Following the optimistic progress, The Sandbox (SAND) reached a new high for the year, hitting $0.86 during early Asian trading on Monday. However, the price subsequently adjusted down by 14%, currently trading at $0.76 at the time of writing.
Despite the recent price surge, technical and on-chain indicators suggest that the long-anticipated $1 target remains unfeasible. Here's why.
Long-Term Investors of The Sandbox Benefit
The increase in SAND price over the past week has prompted long-term investors to move their previously inactive tokens. This is reflected in the increase in the token's consumed age metric, which measures the movement activity of coins held for a long time. According to Santiment, this metric has surged to a two-month high of 33.19 billion on Sunday.
The prominence of this metric is noteworthy, as long-term investors typically do not move their coins. Therefore, when they take this action, especially during price increases, it suggests a shift in market trends. Significant spikes in consumed age during such price surges indicate that long-term investors are selling, which could lead to increased selling pressure.
SAND Age Consumed. Source: Santiment
Notably, the increase in SAND flow balance on exchanges over the past 24 hours confirms selling activity. According to Santiment, this metric, measuring the difference between the amount of assets deposited into exchanges and the amount withdrawn over a specific period, has increased by 162%.
This reflects an increase in the amount of SAND tokens being sent to exchanges. It indicates that investors are preparing to sell, potentially leading to downward pressure.
SAND Exchange Flow Balance. Source: Santiment
SAND Price Forecast: Metaverse Token Is Overbought
On the daily chart, SAND's Relative Strength Index (RSI) stands at 87.18, indicating overbought conditions. RSI measures whether an asset is overbought or oversold, ranging from 0 to 100. Values above 70 indicate that the asset is overbought and may decline, while values below 30 suggest it is oversold and may recover.

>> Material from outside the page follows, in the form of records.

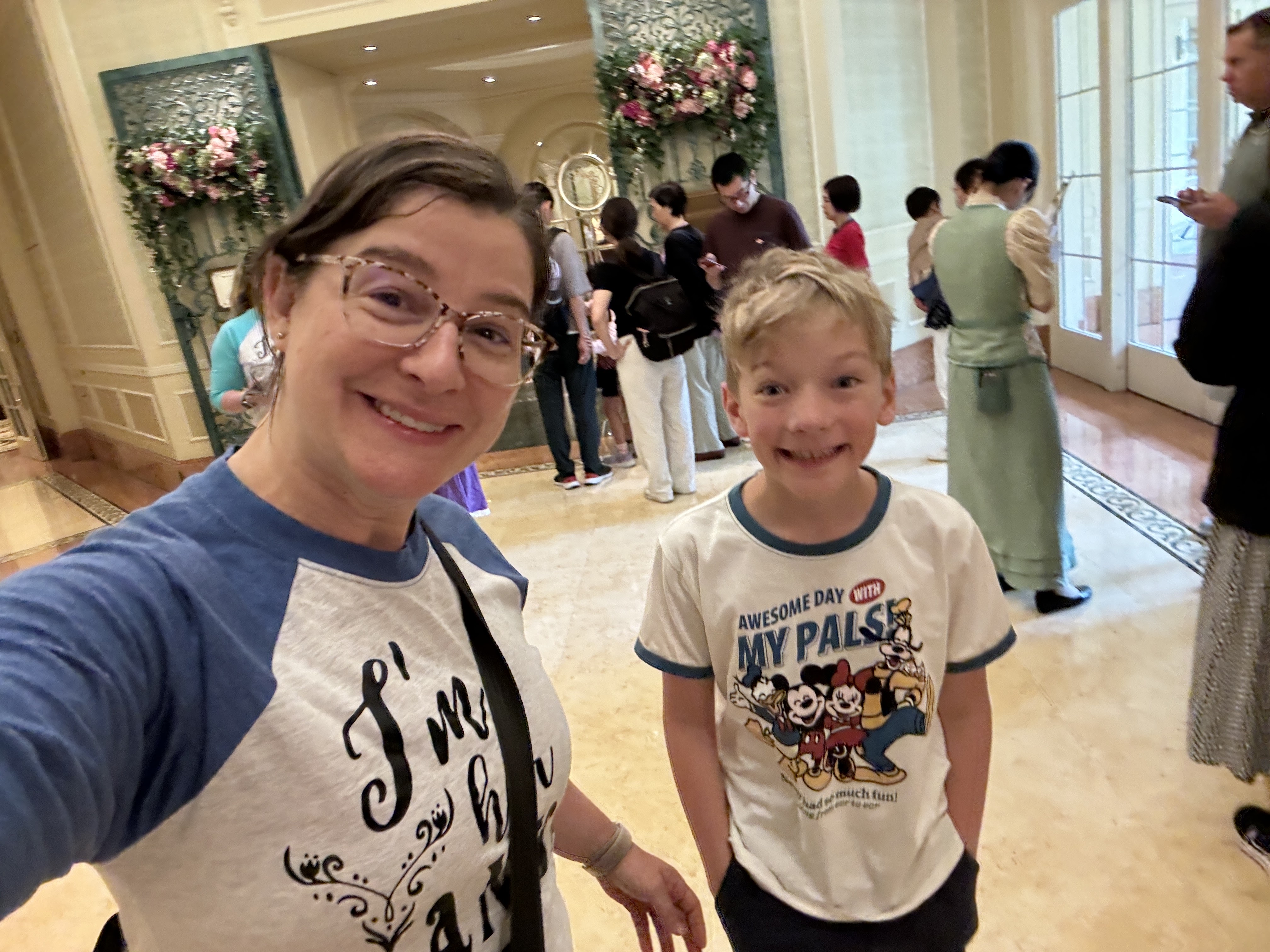 First up breakfast at the hotel, Lola had booked reservations for the buffet at the hotel. And we were early enough to see all the Disney/mickey themed food before people ate it all. It was an early morning of 7:30am. Lola didn’t get any photos of us at the table, but a few of our mickey plates.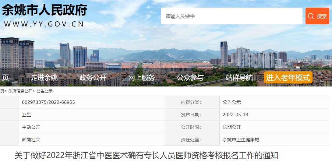 關于做好2022年浙江省余姚市中醫(yī)醫(yī)術確有專長人員醫(yī)師資格考核報名工作的通知,醫(yī)學教育網(wǎng)編輯為您搜集整理了相關文件,請考生及時查看!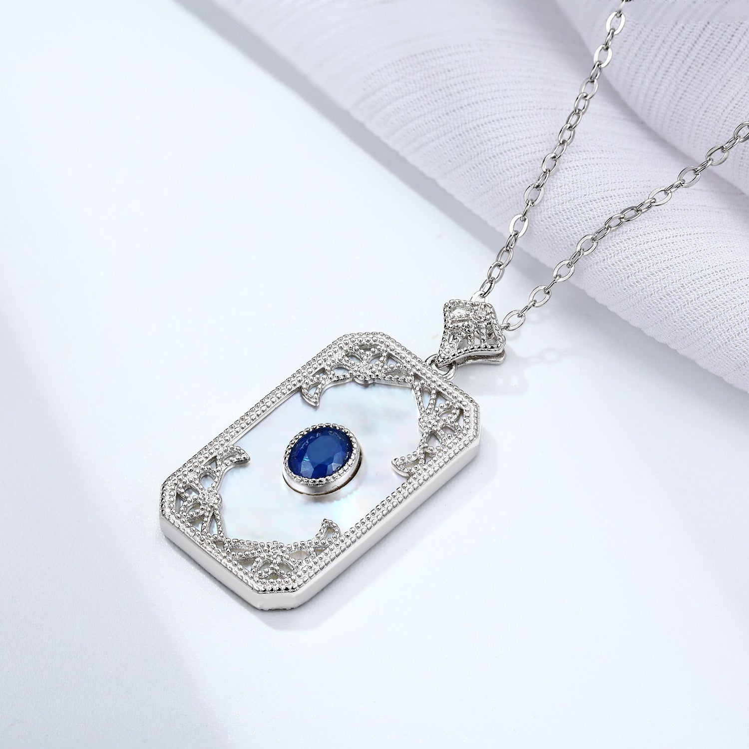 S925 Silver Inlaid Sapphire Necklace With Vintage Pattern Pendant Designed By A Natural Female Belle Pendant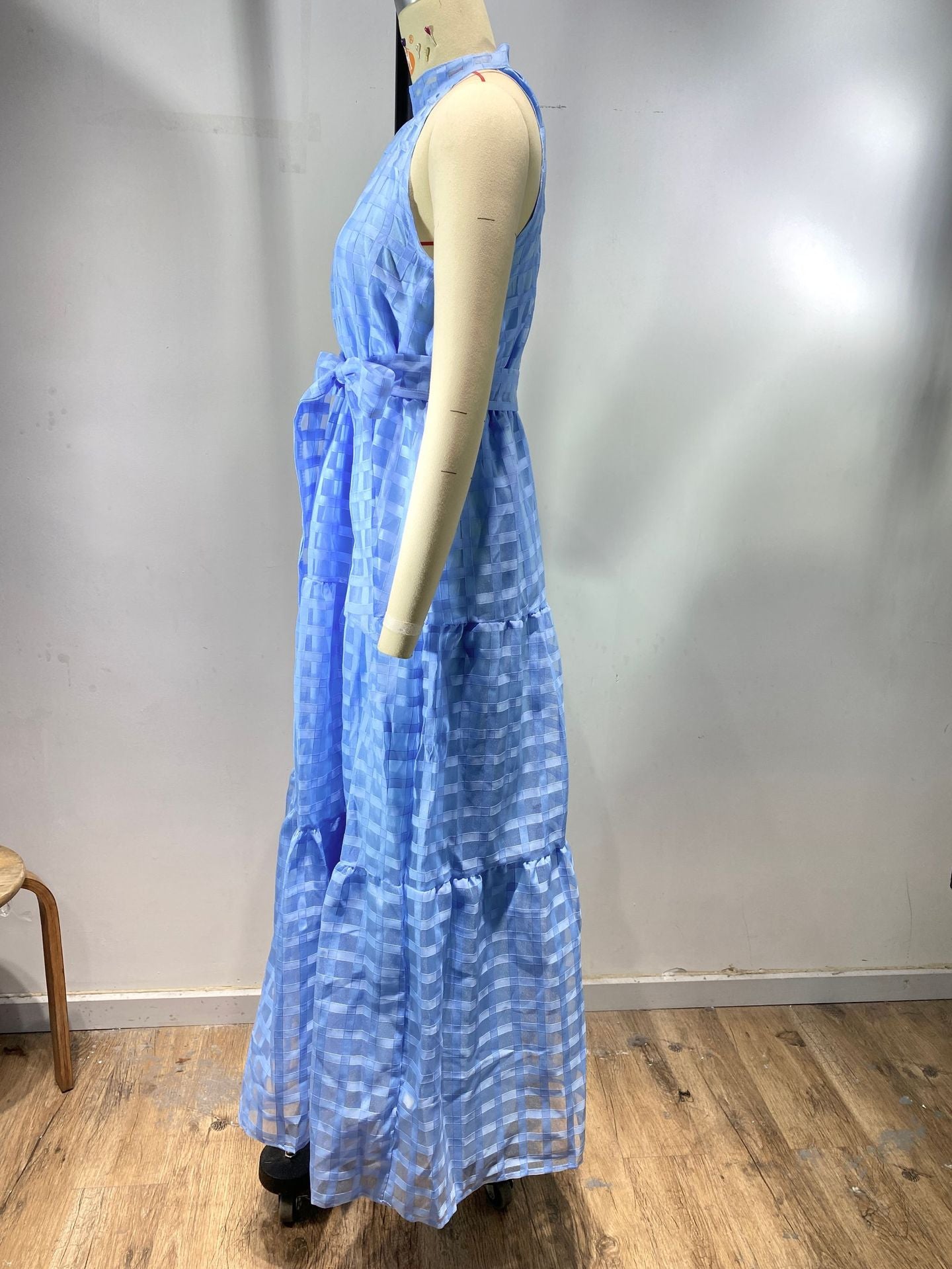 This dress features a stunning combination of pink and white plaid, giving it a retro and chic vibe. The long maxi length creates an elegant and graceful look, while the sleeveless design is perfect for keeping cool on hot summer days.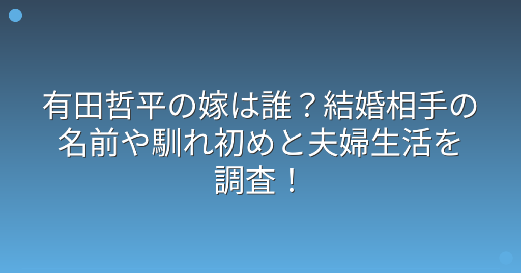 有田哲平の嫁は誰?結婚相手の名前や馴れ初めと夫婦生活を調査!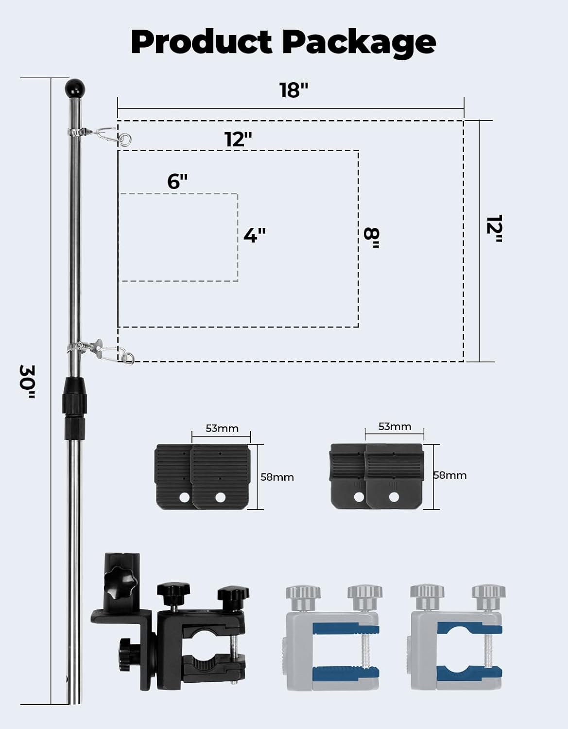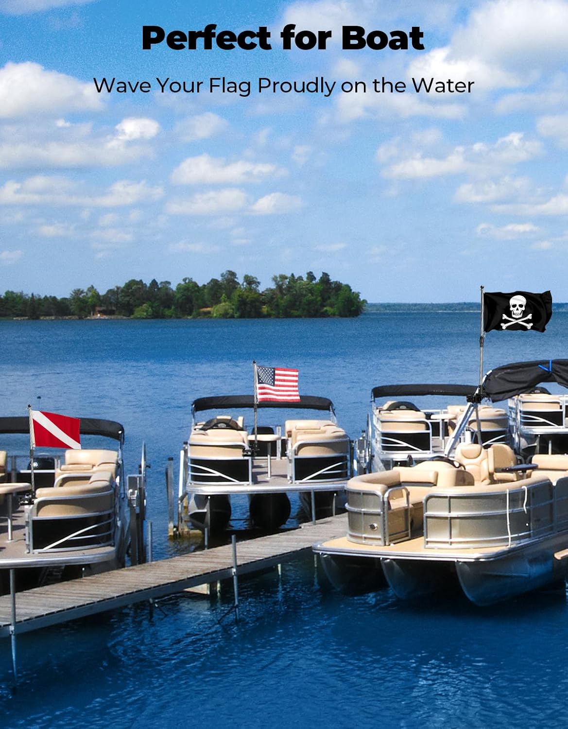 - FIT 12''x18''/8‘’x12''/4''x6'' FLAG: Easily install in under 3 min. Attach the pontoon boat flag with steel cable loops, and clamp the pontoon boat flag pole on the rail. Say goodbye to complicated setups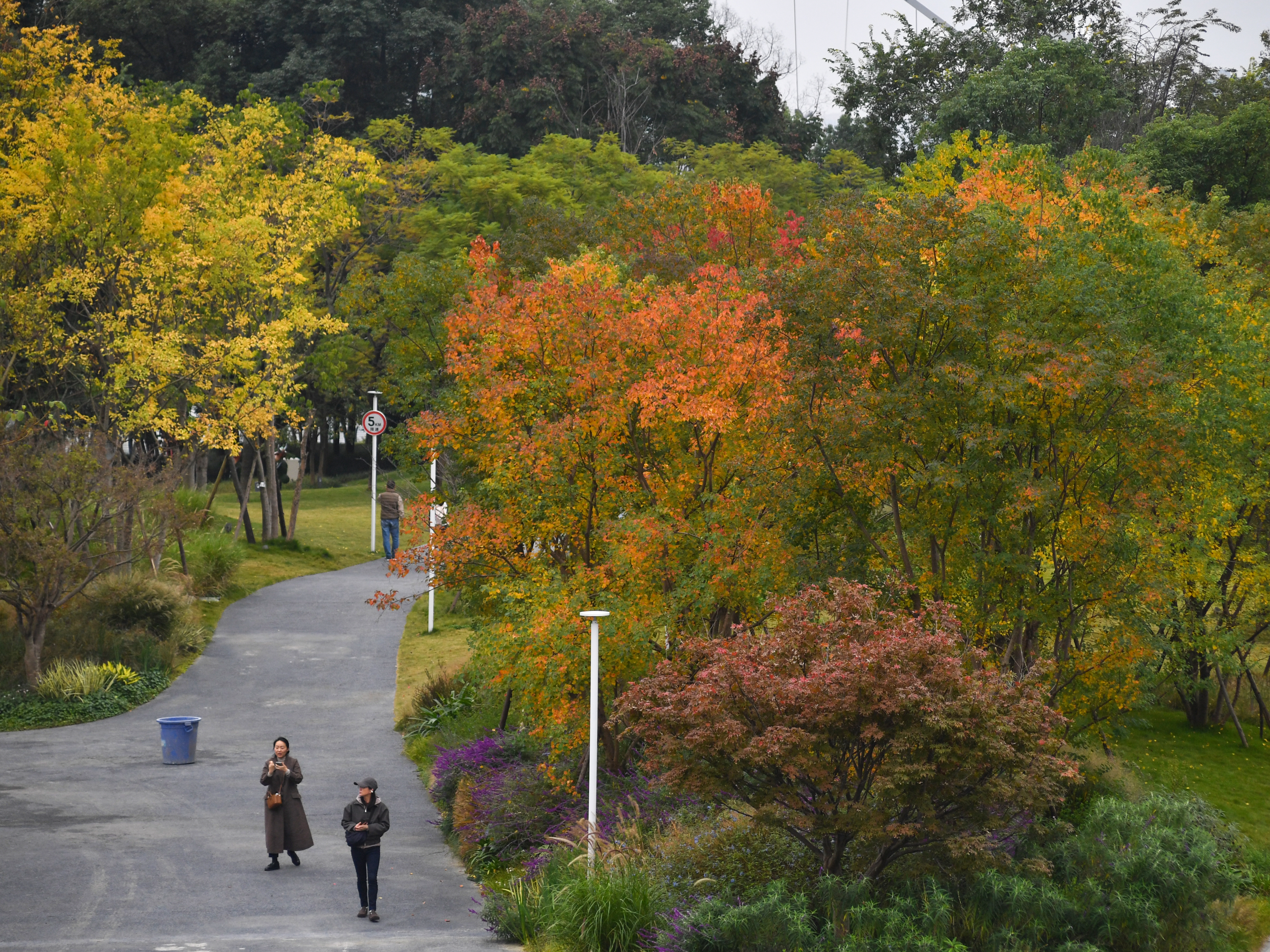 科华南路,行人走在布满植物的五彩小径中。

With the RSI at 87.18, SAND is suggesting overbought conditions, creating short-term correction risks. If the price drops, it could fall to $0.72. Increased selling pressure at this level could push SAND further down to $0.61, moving it further away from the established $1 target.
SAND Price Analysis. Source: TradingView
Conversely, the price of SAND Token could recover its five-month high to $0.86 if selling pressure decreases. This would negate the bearish hypothesis mentioned above.